Nos contos “A chinela turca” e “Marcha
fúnebre” temos um contraponto temático entre realidade e fantasia dos
personagens protagonistas, temos a dúvida, a incerteza, questionamentos
psicológicos do mundo interior das personagens e até reflexões filosóficas
diante dos acontecimentos narrados. O primeiro trata da história de um bacharel
que diante de um acontecimento tedioso acaba fantasiando uma realidade paralela
na qual vive um pesadelo e a segunda história trata de um homem que após saber
da morte de seu inimigo e de no caminho de casa ficar sabendo da morte de um
homem que morreu "do nada", fica tendo sensações e fantasias de como
seria morrer, assim de repente, sem sentir dor e, ainda imagina, como seria a
repercussão de sua morte.
Em “Pai
contra Mãe” tem-se uma visão crítica do comportamento egoísta e desumano do
homem, isso no momento em que para poder ficar com o filho recém-nascido,
Cândido Neves (espécie de caçador de escravos fujões) entrega uma escrava
fugitiva e grávida para seu dono em troca de uma recompensa em dinheiro que
consequentemente lhe daria a condição de ficar com o filho e não ter que
abandoná-lo. Porém essa escolha traz consequências para a escrava, que acaba
abortando o filho.
Em “Miss
Dollar” temos um conto dividido em oito capítulos narrando a historia de um
médico apaixonado e colecionador de cães que após achar e devolver para sua
dona uma cadelinha galga – Miss Dollar - acaba por conhecer o amor de sua vida,
porém para esse amor se concretizar ele passa por diversos contratempos, numa
narrativa por vezes com traços de humor, e até mesmo romântica, apesar do final
trágico e engraçado da cadelinha.
“Conto
de Escola"
é narrado em primeira pessoa por um narrador já adulto, que retorna e analisa
criticamente um episódio ocorrido em sua infância.
A história contada por Pilar - o narrador - é
a seguinte: numa segunda-feira, pela manhã, Pilar decidia se brincaria no morro
de São Diogo ou no campo de Sant''Anna. Lembrando-se, porém, da sova de
marmeleiro que o pai lhe dera por causa de dois suetos* na semana anterior,
decide ir à aula.
Na aula, é interpelado por Raimundo - filho
do professor que lhe oferece uma moedinha de prata ganha em seu aniversário. Em
troca, Raimundo pede a Pilar que lhe explique a lição. Pilar aceita, mas,
durante o negócio, percebe que Curvelo, um outro colega, prestava atenção
neles. Curvelo, logo a seguir, delata os colegas ao professor Raimundo. Este,
furioso, atira a moeda pela janela e castiga os meninos com a palmatória,
recriminando-os seriamente pela transação.
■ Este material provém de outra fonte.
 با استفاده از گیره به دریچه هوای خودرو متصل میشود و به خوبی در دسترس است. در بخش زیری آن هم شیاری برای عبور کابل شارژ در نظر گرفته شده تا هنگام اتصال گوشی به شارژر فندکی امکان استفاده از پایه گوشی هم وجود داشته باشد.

Depois disso, Pilar promete a si mesmo que
daria uma sova em Curvelo. Na saída, persegue-o , mas Curvelo consegue escapar.
Na manhã do outro dia, depois de ter sonhado
com a tal moedinha, Pilar sai com a intenção de procurá-la, mas sua atenção é
desviada pelo batalhão de fuzileiros, que marchavam ao som de tambores. Desiste
das moedas e segue-os marchando. Conta-nos que voltou tarde para casa, "
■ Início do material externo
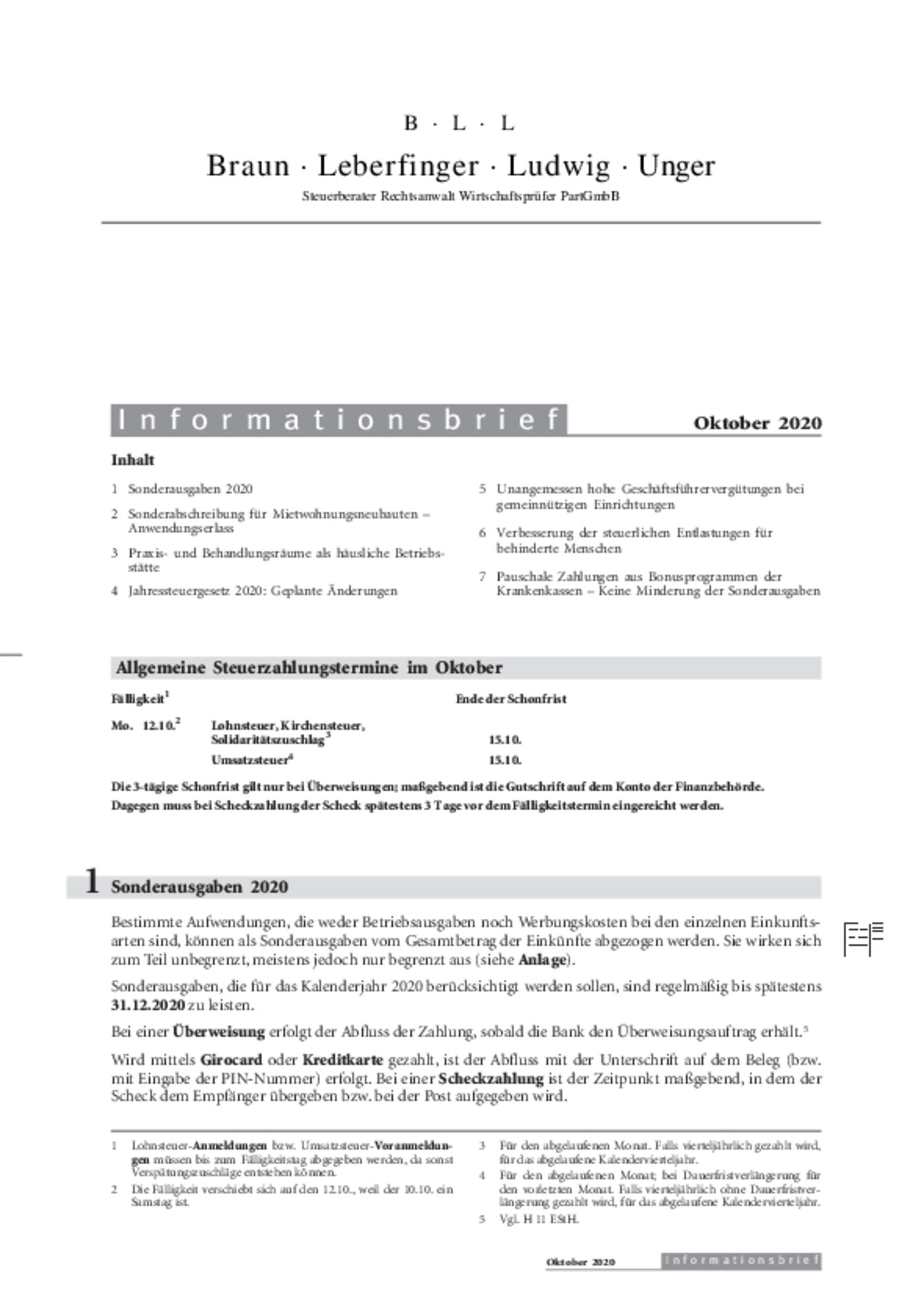 - Sonderausgaben 2020

sem pratinha nos bolsos nem ressentimentos na alma" no final pondera que
Raimundo e Curvelo foram os primeiros a lhe dar a noção da corrupção e da
delação.
“O caso
da vara”
Conta a história de um seminarista fugitivo,
que tem medo de voltar para casa, pois sabe que o pai o levará de volta ao
seminário. Então, Damião foge e se esconde na casa de Sinhá Rita. A mulher
promete ajudá-lo e por isso Damião permanece. Porém, Sinhá Rita, tem uma
escrava chamada Lucréia, uma garota que é maltratada por Sinhá Rita. Damião,
vendo a situação, promete a si mesmo que iria apadrinhar Lucréia. Mas chega um
momento, em que Sinhá Rita vai castigar Lucréia e pede a vara a Damião, que
fica em dúvida entre ajudar Lucréia ou entregar a vara e receber a ajuda de
Sinhá Rita. Por fim, ele decide entregar a vara.
“Uns braços”
É a história de Inácio, jovem
de 15 anos que vai trabalhar como ajudante do ríspido solicitador (funcionário
do Judiciário, algo entre procurador e advogado) Borges, morando na casa deste.
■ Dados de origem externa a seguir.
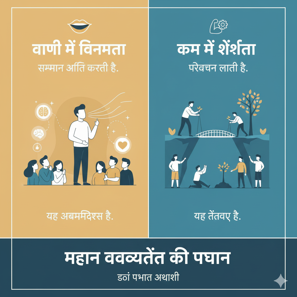 समाज में व्यक्ति की पहचान उसके शब्दों से पहले उसके कर्मों से होती है, लेकिन शब्दों का महत्व भी कम नहीं। श्रेष्ठ व्यक्ति वही होता है जिसकी वाणी में विनम्रता हो और जिसके कार्यों में श्रेष्ठता दिखाई दे। यह सूत्र केवल नैतिक उपदेश नहीं, बल्कि जीवन की वह कसौटी है जिस पर महान व्यक्तित्व खरे उतरते हैं।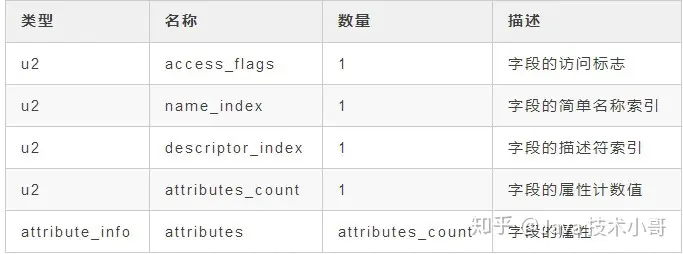 字段表(field_info)是用来描述接口或类中声明的变量。包括类级变量(静态变量)和实例级变量(成员变量),但是不包括在方法内部声明的局部变量。具体结构如下表:

É lá que acaba se encantando com os braços de D. Severina, companheira do seu
patrão. Deve-se lembrar que na época em que se passa a história, 1870, não era
comum uma mulher exibir tal parte do corpo. Mas, antes que se pense que ela era
despudorada, deve-se lembrar que só o fazia por passar por certas dificuldades
que tornava o seu vestuário falto de peças mais adequadas. Ainda assim, os
breves momentos em que via a mulher e principalmente os braços dela eram, para
Inácio, o grande alívio diante de um cotidiano tão massacrante. Até que um dia
D. Severina percebe o interesse que desperta no moço. Demora a aceitar, pois
considera-o apenas uma criança. Mas, quando vê o homem já na forma do menino,
entra num sentimento conflitante, misto de vaidade e pudor. Por isso oscila
entre tratar mal o rapaz e mostrar preocupação com o seu bem-estar. Até que num
domingo ocorre a cena mais importante da história. D. Severina encontra Inácio
dormindo na rede. Dá-lhe um leve beijo na boca. A senhora não sabe que naquele
exato instante o garoto sonhava com o beijo dela e ele não sabe que era beijado
realmente enquanto estava mergulhado na fantasia do seu sono. Pouco tempo
depois, Borges dispensa o garoto de forma admiravelmente amistosa. O menino não
vê mais D. Severina, guardando a sensação daquela tarde como algo que não ia
ser superado em nenhum relacionamento de sua existência.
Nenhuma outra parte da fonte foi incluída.